Acting on behalf of Casino 36 were the commercial and insolvency teams at Sydney Mitchell. John Irving and Kam Majevadia managed and negotiated the successful and swift purchase of the two sites.

"It was imperative that the transactions were performed quickly in order to secure the jobs for the staff at the two casinos and to deal with the regulatory issues. The deal was turned around and completed in just over a fortnight" says John Irving, Partner at Sydney Mitchell.

"As unfortunate as it was for the Rubicon and the Castle casinos to run into difficulties, being able to help Casino 36 in the take over has helped soften the blow and it has meant that the 120 employees over the two sites still have their positions coming up to Christmas" says John.

Insolvency increase as green shoots appear

Despite talk of 'green shoots' of economic recovery and an improving market, the Insolvency team at Sydney Mitchell are expecting a rise in Insolvency cases heading their way.

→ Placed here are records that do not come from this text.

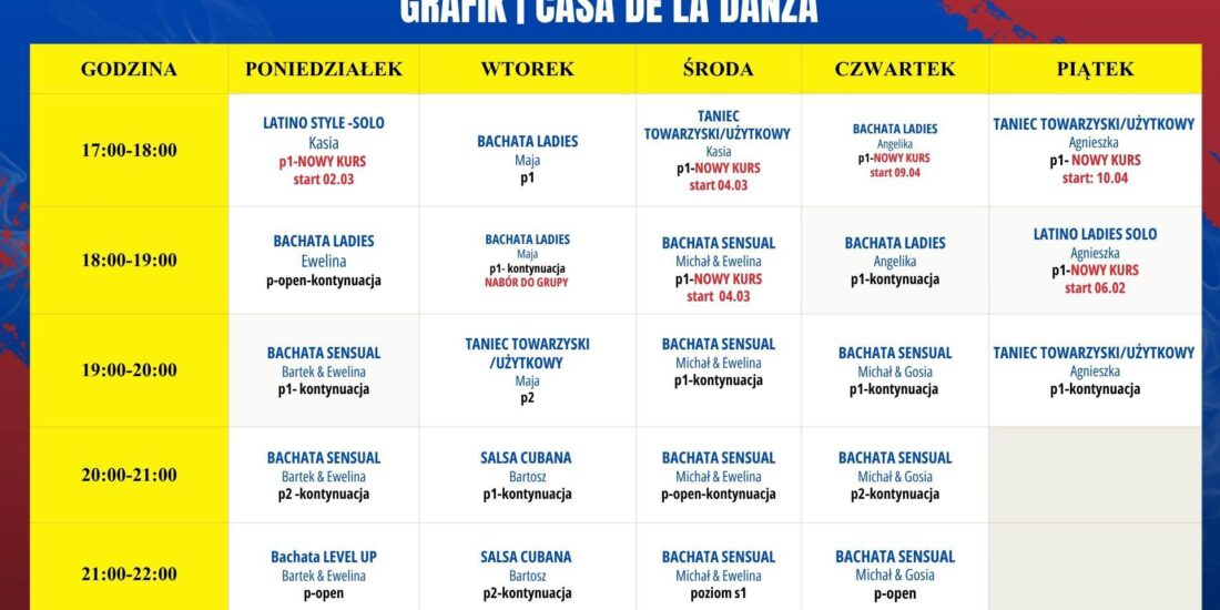 Aktualny grafik zajęć tanecznych – kwiecień / maj 2026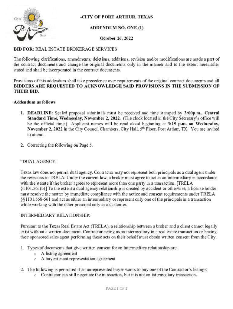 This document provides clarifications and modifications to the bid for real estate brokerage services, detailing the submission deadline and legal requirements for agency representation under Texas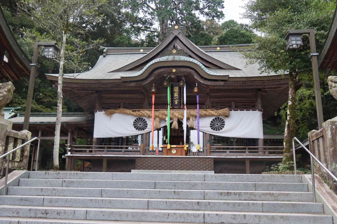 拝殿から渡り廊下みたいに拝殿前の廻廊まで繋がっていて、拝殿の正面に立つ場所が無く「何処からお参りすればいいんだ(?_‽)」状態でした。授与所で御朱印をお願いした後、聞いてみたら、拝殿前にある廻廊に靴を脱いで上がって真ん中辺りまで行くと拝殿の正面に立てて参拝できるとの事でした。立派な廻廊で、上がって良いとは思いませんでした。3段だったか?階段上がって、廻廊を真ん中位まで行くと、赤い絨毯が敷かれお賽銭箱があったので、此処で参拝させて頂きました。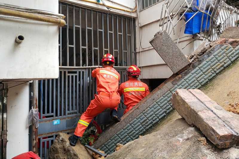 2021年9月5日,四川南充阆中市,保宁街道办事处观音路社区发生堡坎滑坡。消防救援人员在逐户搜寻被困人员。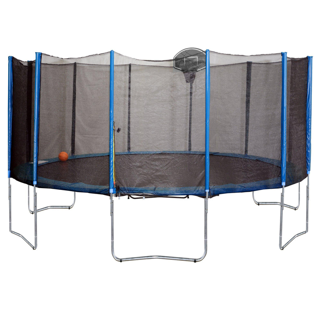 Revolutionieren Sie Ihr Training mit diesem Trampolin ! Viel Spaß beim Basketballspielen und Experimentieren mit neuen Stunts in absoluter Sicherheit : Dank des lebensrettenden Netzes und der gepolsterten Pfosten müssen Sie sich keine Sorgen machen! Auch perfekt für Kinder, das Trampolin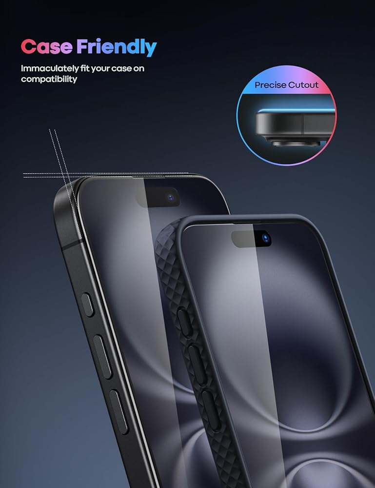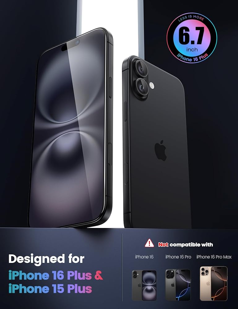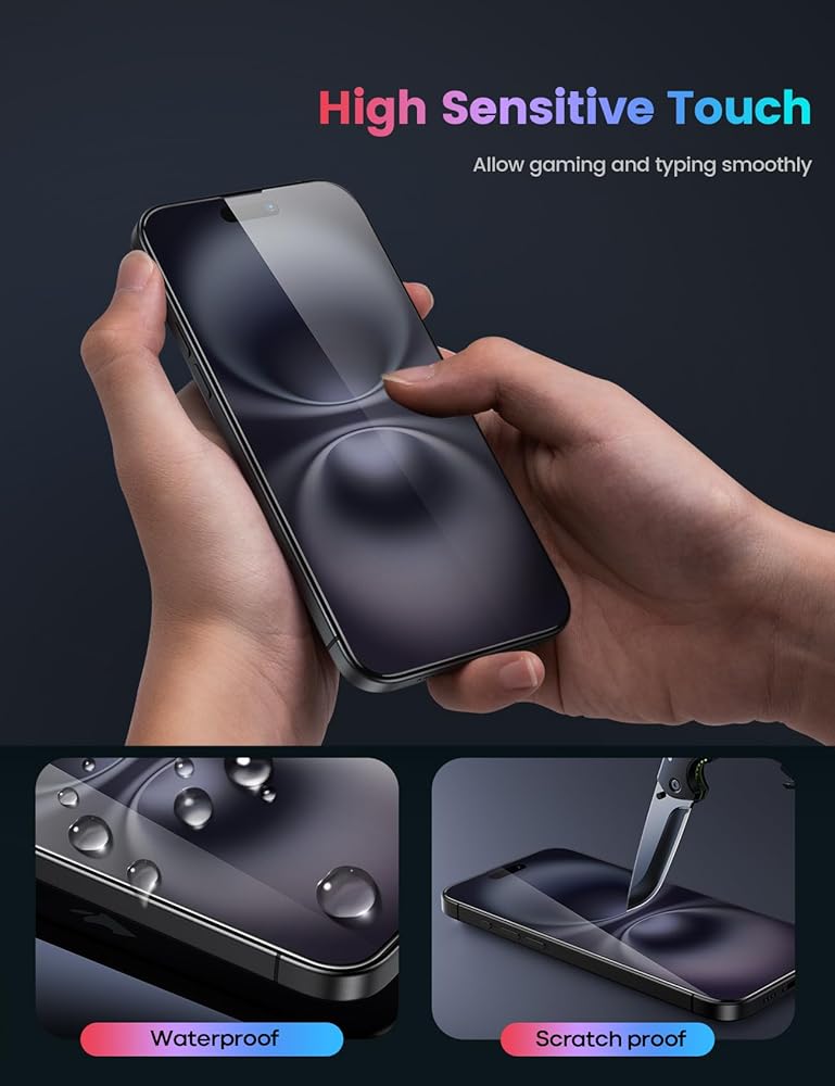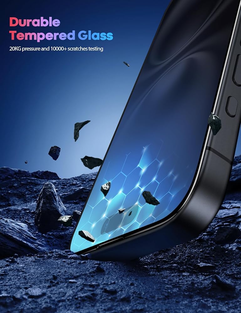 【مقاوم للكسر من الدرجة العسكرية】 واقي الشاشة الزجاجي المقوى لهاتف iPhone 16 plus مصنوع من 6 طبقات من المواد الدقيقة. مع صلابة تزيد عن 9H، فقد اجتاز اختبار الضغط 20 كجم وأكثر من 10,000 مرة اختبار التآكل دون كسر أو خدش. وبالتالي، فهو يحمي الهاتف من التلف العرضي أو الخدوش الناجمة عن الأشياء الصلبة مثل المفاتيح (حتى السكاكين).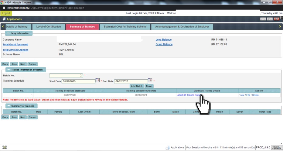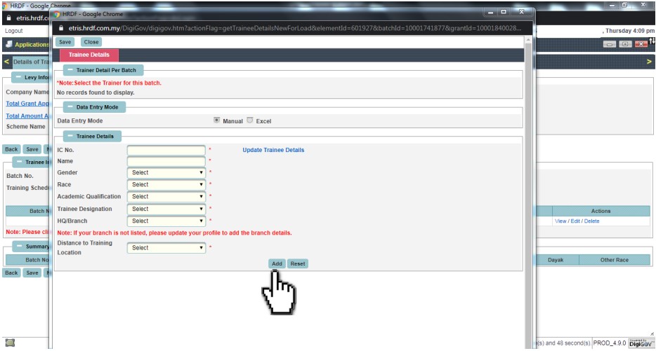 • After clicking “Add Trainee Details“, you need to enter all the required details of participants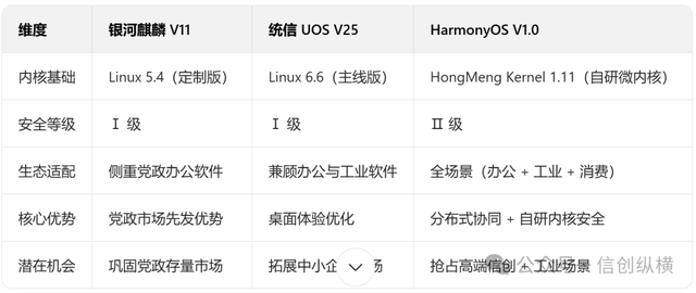 从行业影响看,HarmonyOS的入局将倒逼麒麟、统信加速技术升级:例如统信已在V25版本中将Linux内核更新至6.6,银河麒麟也计划推出基于微内核的新版本,国产OS的“技术内卷”将推动整体生态向更高安全、更高性能演进。

Already insolvency statistics show that there is a 39.1% increase from last year in company insolvency's. This includes administrations, compulsory liquidations and creditors voluntary liquidations. Individual insolvency's are also on the increase with a rise of 27.4% from last year. This figure includes bankruptcies, IVAs (Individual Voluntary Arrangements) and DROs (Debt Relief Orders).

"Despite the tentative confidence we appear to be hearing from commentators, we are still seeing a continued lack of demand and confidence in the market place" says Kam Majevadia, Partner and head of the insolvency team at Sydney Mitchell.

"Companies have had support from lenders and HMRC through the troubled times but this support is not indefinite. As the economy improves it is not surprising that lenders and HMRC are starting to impose tighter deadlines for increased regular payments. Because of this, companies face even greater pressure on their cash flow and this will result, ultimately, in more companies being faced with insolvency. They will need the expertise of an insolvency lawyer to guide them through the complex insolvency legislation and to help them to avoid the inevitable pitfalls."

In order to meet the increasing demand from their clients Sydney Mitchell have appointed Grace Strawford to join the insolvency team. Grace, a qualified solicitor, has been with Sydney Mitchell since 2005 and has been taken into the department on a permanent basis after being seconded to assist with the high levels of work currently coming in and discovering a real interest in the work. Grace has a broad range of experience which makes her an ideal candidate for dealing with insolvency work.

"For companies facing insolvency it can seem that they are losing everything" says Kam. "Although Insolvency has serious implications, in some cases it can be used to provide debt relief for insolvent companies and individuals, helping them to make a fresh start and review their financial position."